I’ve often wondered why Ubuntu ships with several different terminal apps installed by default.
It’s a minor little quirk, granted, and something few people will notice. But a query that has, from time to time, confused me.
Naturally I presume there to be some differences between GNOME Terminal, Xterm and UXTerm. But those differences are, to my end-user eyes at least, not especially self-evident.
Canonical’s Brian Quigley explains: “Xterm takes up two menu items (xterm and uxterm) and doesn’t provide any more functionality then gnome-terminal. In an installed setup, those two menu items make gnome-shell have 3 pages instead of 2 in my testing.”

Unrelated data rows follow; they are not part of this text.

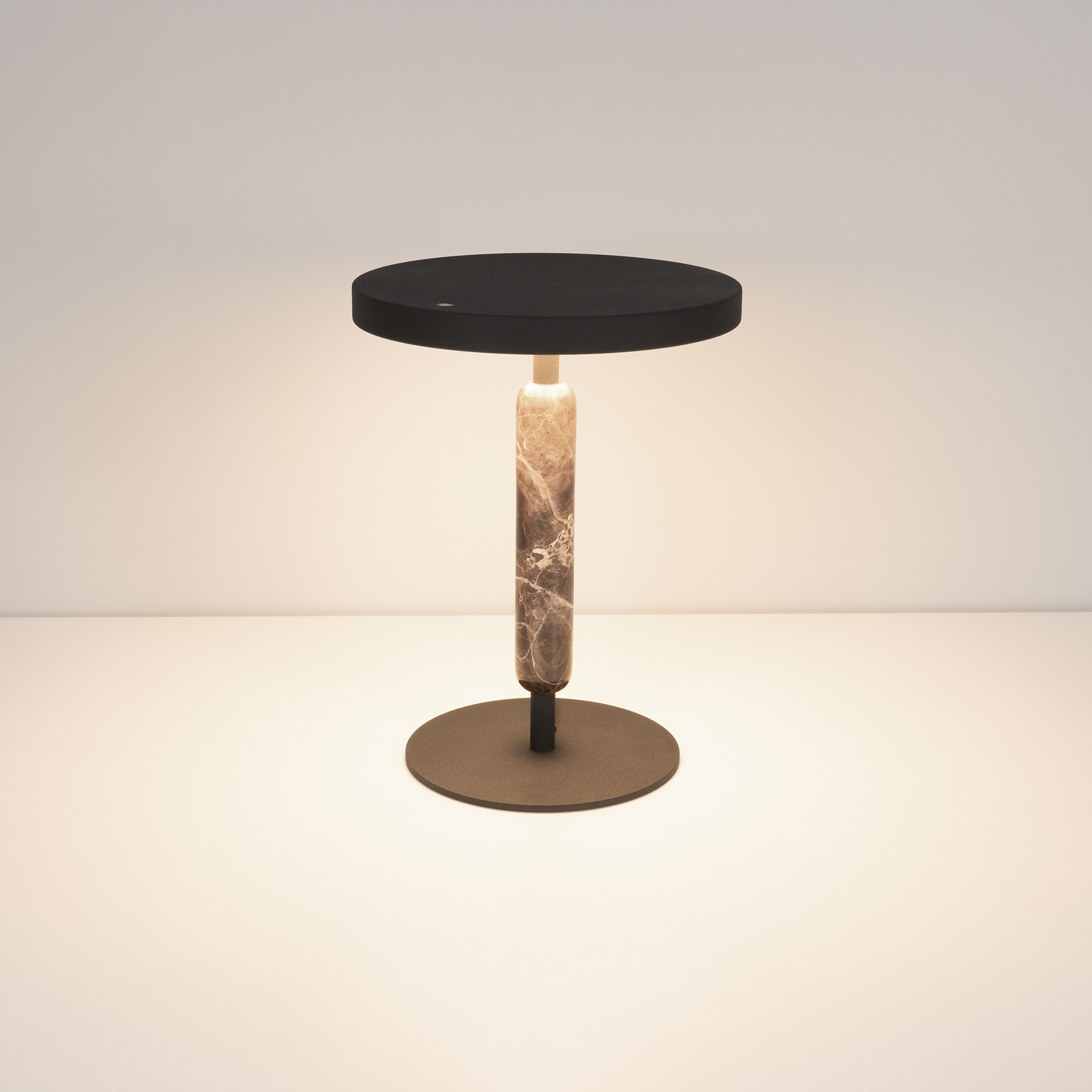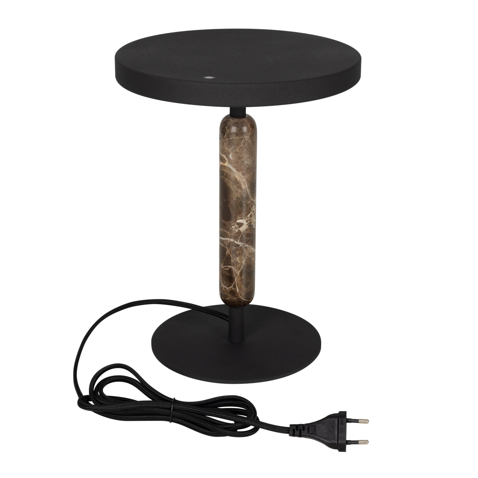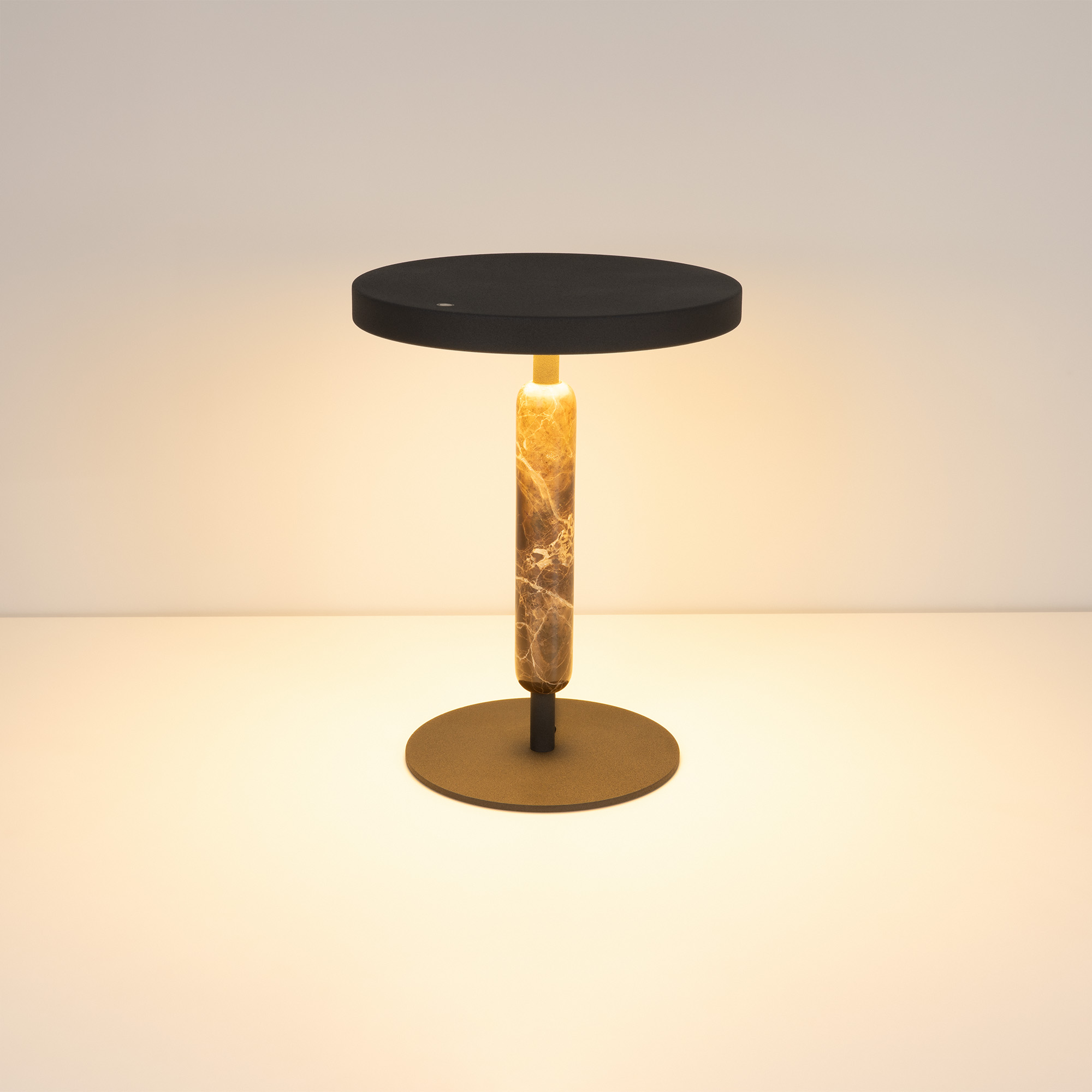 Настольный светильник ALYSS. С изменяемой цветовой температурой 2700/3200/4000К, переключается коротким нажатием на сенсорную кнопку на плафоне, диммирование происходит за счет ее удержания. Мощность 5 Вт, св. поток 195 лм, 39 лм/Вт, CRI>92, угол 110°, напряжение питания 230 В. Черный корпус из алюминия, декоративная вставка из мрамора, степень защиты IP20. Размер: диаметр 225 мм, высота 300 мм. Пульсация <1%.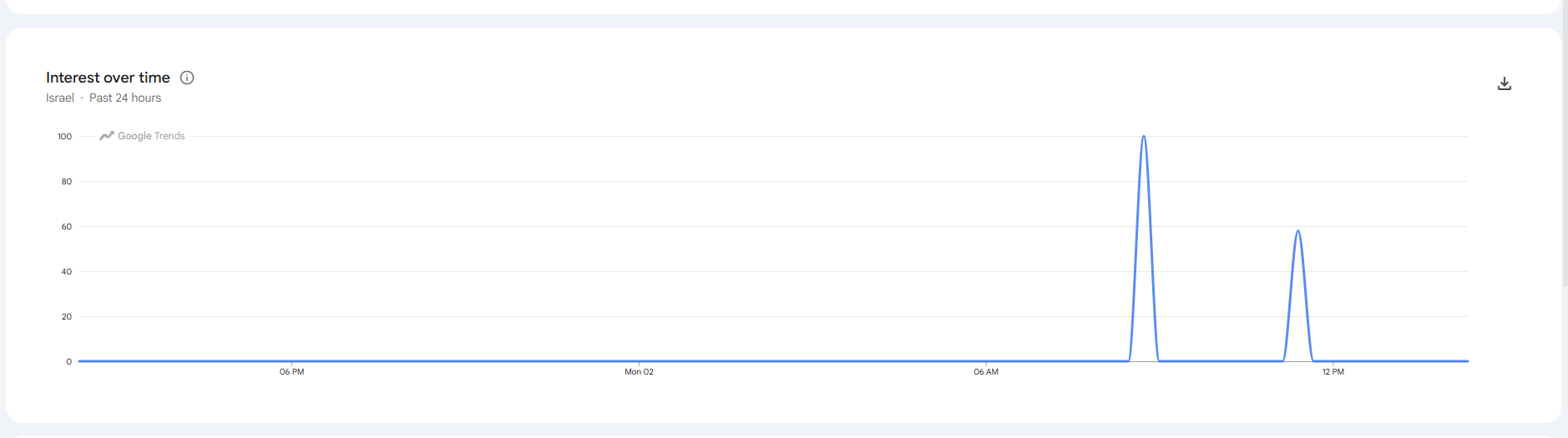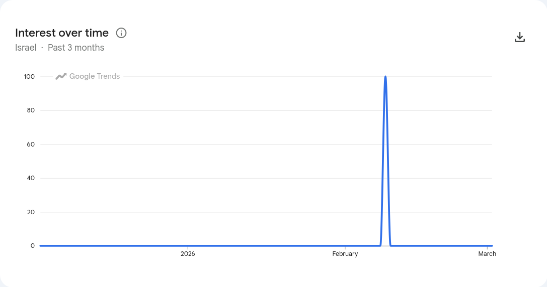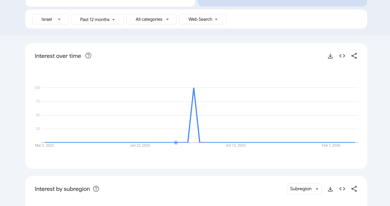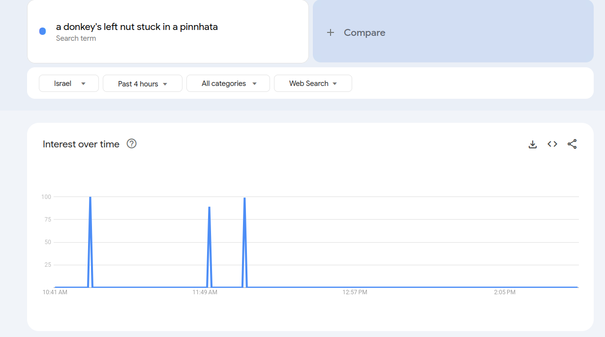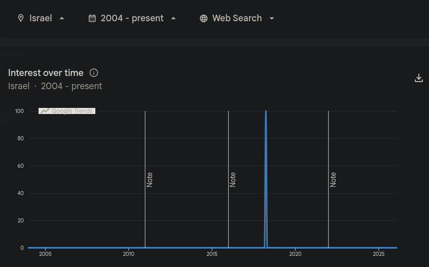>>529633823>100 searches in the past 12 monthsfrom israel? post the graph kek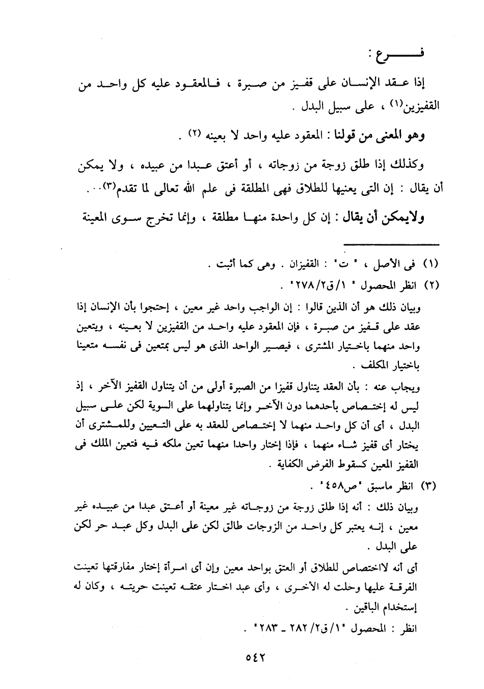 إذا عقد الإنسان على قفيز من صبرة، فالمعقود عليه كل واحد من القفيزين، على سبيل البدل.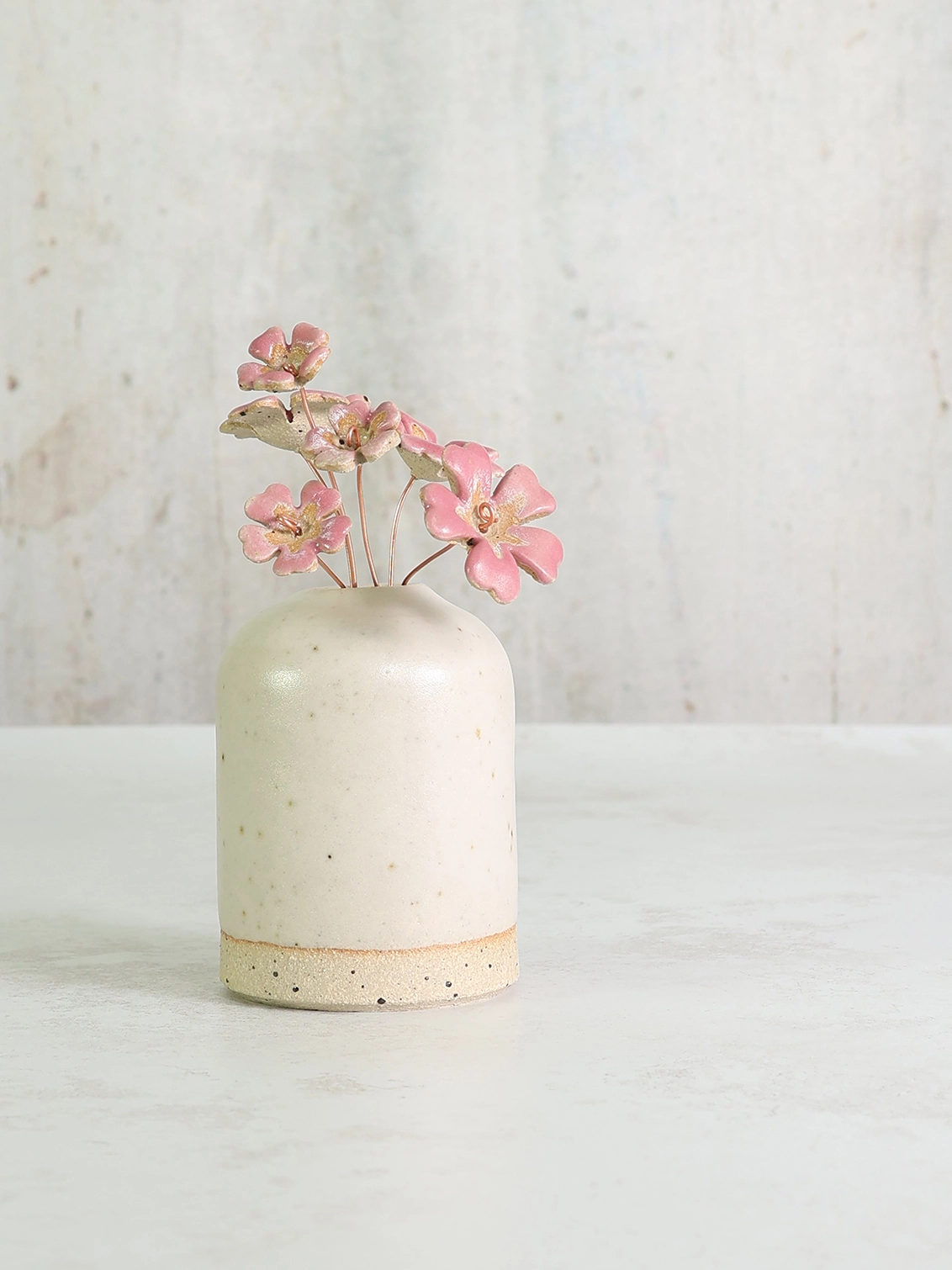 Bright, joyful, and full of personality, the Fuchsia Pink Primrose Ceramic Flower Stems are inspired by the vibrant primroses that bring colour to British gardens each spring. Reimagined in a bold contemporary glaze, these handmade ceramic flowers celebrates both traditional botanical forms and modern artisan design.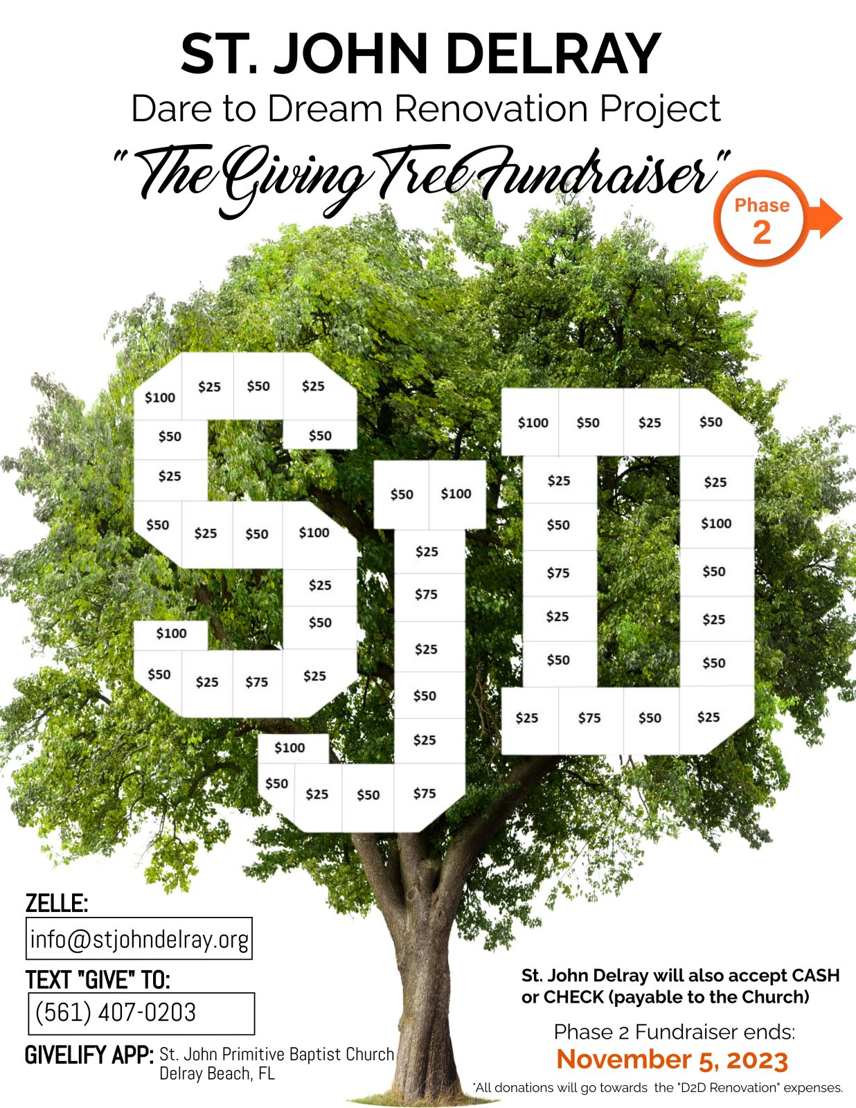As a voluntary donor, you can help us raise funds to renovate our building where we can do more community outreach and grow our congregation. We need your help making our Church building dreams a reality. If you are able to do so, in Phase Two of our D2D Project - "The Giving Tree Fundraiser," we are asking for donations of $25, $50, $75 and $100. No amount is too small, and we will gladly accept any amount, because every dollar counts and brings us closer to our goal.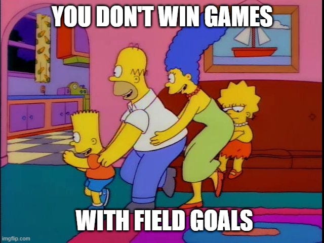 Cal, conversely, attempted five 4th down conversions, four of which came in plausible field goal range for some kickers. But I am reminded of my personal football maxim: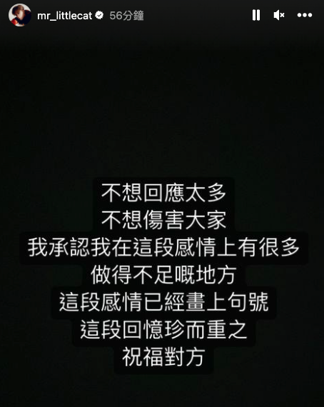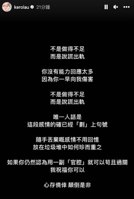 Kero最後強調自己並不是想用爆料拉下男方的事業「我相信男方應該知道,我本來可以寫的材料大概還有三份二。這一個星期以來,男方一直害怕我會公開此事,親口承認自己出軌,一直用『我道歉囉』『我錯哂囉』來表達關心。」細貓其後在IG直認是Kero口中所指的前度︰「不想回應太多,不想傷害大家,我承認我在這段感情上很多,做得不足嘅地方,這段感情已經畫上句號,這段回憶珍而重之,祝福對方。」但就沒有回應過偷食風波,Kero其後再在IG反擊「不是做得不足 而是說謊出軌!」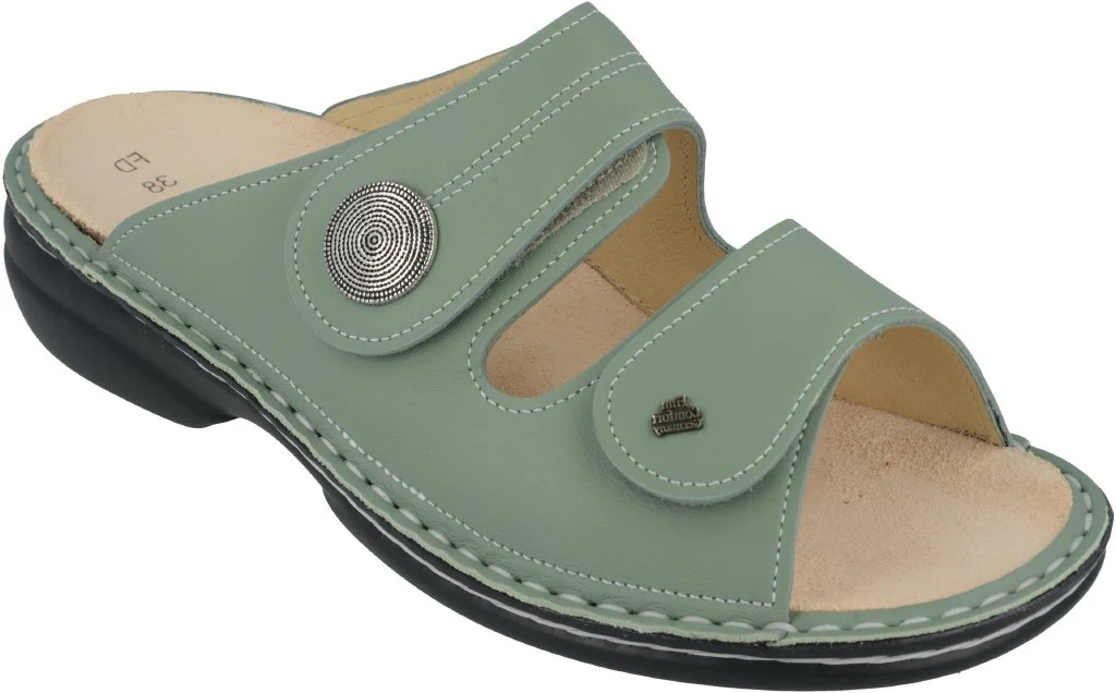 Ciabatta da donna della linea Classic con una cambratura da 20 mm. Due cinturini regolabili con velcro assicurano un adattamento al piede rapido e perfetto per garantire una tenuta sicura. L’ampia base d’appoggio favorisce comfort e stabilità durante la camminata. La punta larga regala ampio spazio alle dita, ideale anche per piedi robusti. La suola in poliuretano ammortizza l’impatto con il suolo a ogni passo, alleviando efficacemente l’affaticamento della colonna vertebrale.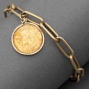 14kt gouden closed-forever armband waaraan een gouden 14kt gouden munthanger met gouden Zwitserse 20-Franc, 1949, gewicht 18,8 gram, 21 cm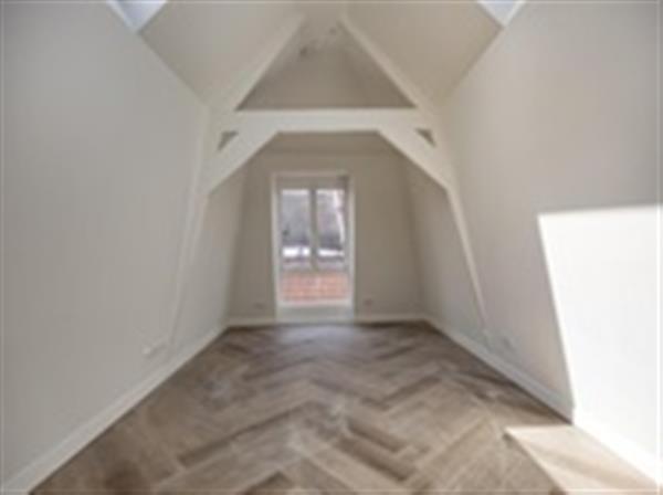 De lichte woonkamer met open keuken vormt het hart van het appartement. Dankzij de hoge plafonds, zichtbare balkconstructies en meerdere dakramen geniet de ruimte van een bijzonder ruimtelijk gevoel en een prachtige lichtinval. De moderne open keuken is strak uitgevoerd en voorzien van hoogwaardige inbouwapparatuur, ideaal voor dagelijks gebruik en het ontvangen van gasten.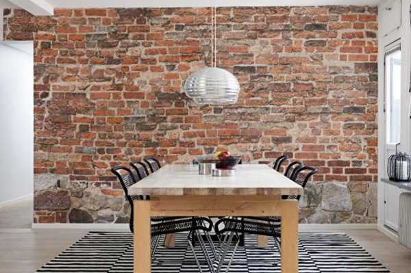 Фотообои для кухни должны сочетаться не только с предметами обстановки. Важна их гармония с основными материалами, используемыми для отделки стен. Высокий эстетический эффект достигается при комбинировании материалов. Благодаря этому приему можно создать нужные пространственные иллюзии и расставить акценты. Разделить помещение на функциональные зоны — столовую и рабочую.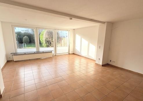 Das unterkellerte Haus steht auf einem 208 m² großen Grundstück. Der pflegeleicht angelegte und ideal nach Südwesten ausgerichtete Garten lädt nach Feierabend oder am Wochenende zum Entspannen ein. Die große Fensterfront zwischen Wohn-/Esszimmer und Terrasse bzw. Garten sorgt für viel Licht und Gemütlichkeit. Neben dem großzügigen Wohn-/Esszimmer (ca. 39 m²) gibt es im Erdgeschoss nur noch einen weiteren Raum, nämlich die Küche.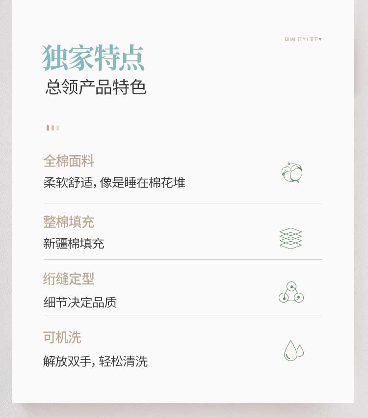 锁边(夏被侧面有锁边工艺,机洗不会使棉花缩进去也不会结团)

I only ever use GNOME Terminal, which is the default Ubuntu terminal emulator, or a GNOME Terminal alternative that I go out and install for myself.
The official reason for including Xterm is to ensure there is a backup terminal available should GNOME Terminal have any issues. But, even assuming it does, is xterm really that much of a benefit when a virtual console is but a combo press of
We don’t get backup apps for anything else!
Another supposed reason for the inclusion Xterm is to provide a “complete X env[ironment]”.
But, as Quigley notes in his email, with Wayland very much on the horizon, mightn’t it make more sense to pull in any critical X environment packages explicitly, rather than relying on a terminal emulator to do so?
It makes little appreciable difference whether Ubuntu 17.10 ships with 3 separate terminal entries in its launcher or not. But if there’s no compelling use case for them to be there by default, just as there’s no longer a compelling use case for Brasero or Empathy to ship out-of-the-box, a little clean-up wouldn’t hurt.
After all, those who want them can easily install them from Ubuntu Software.
Do you use Xterm or UXterm instead of GNOME Terminal? How would their removal affect you?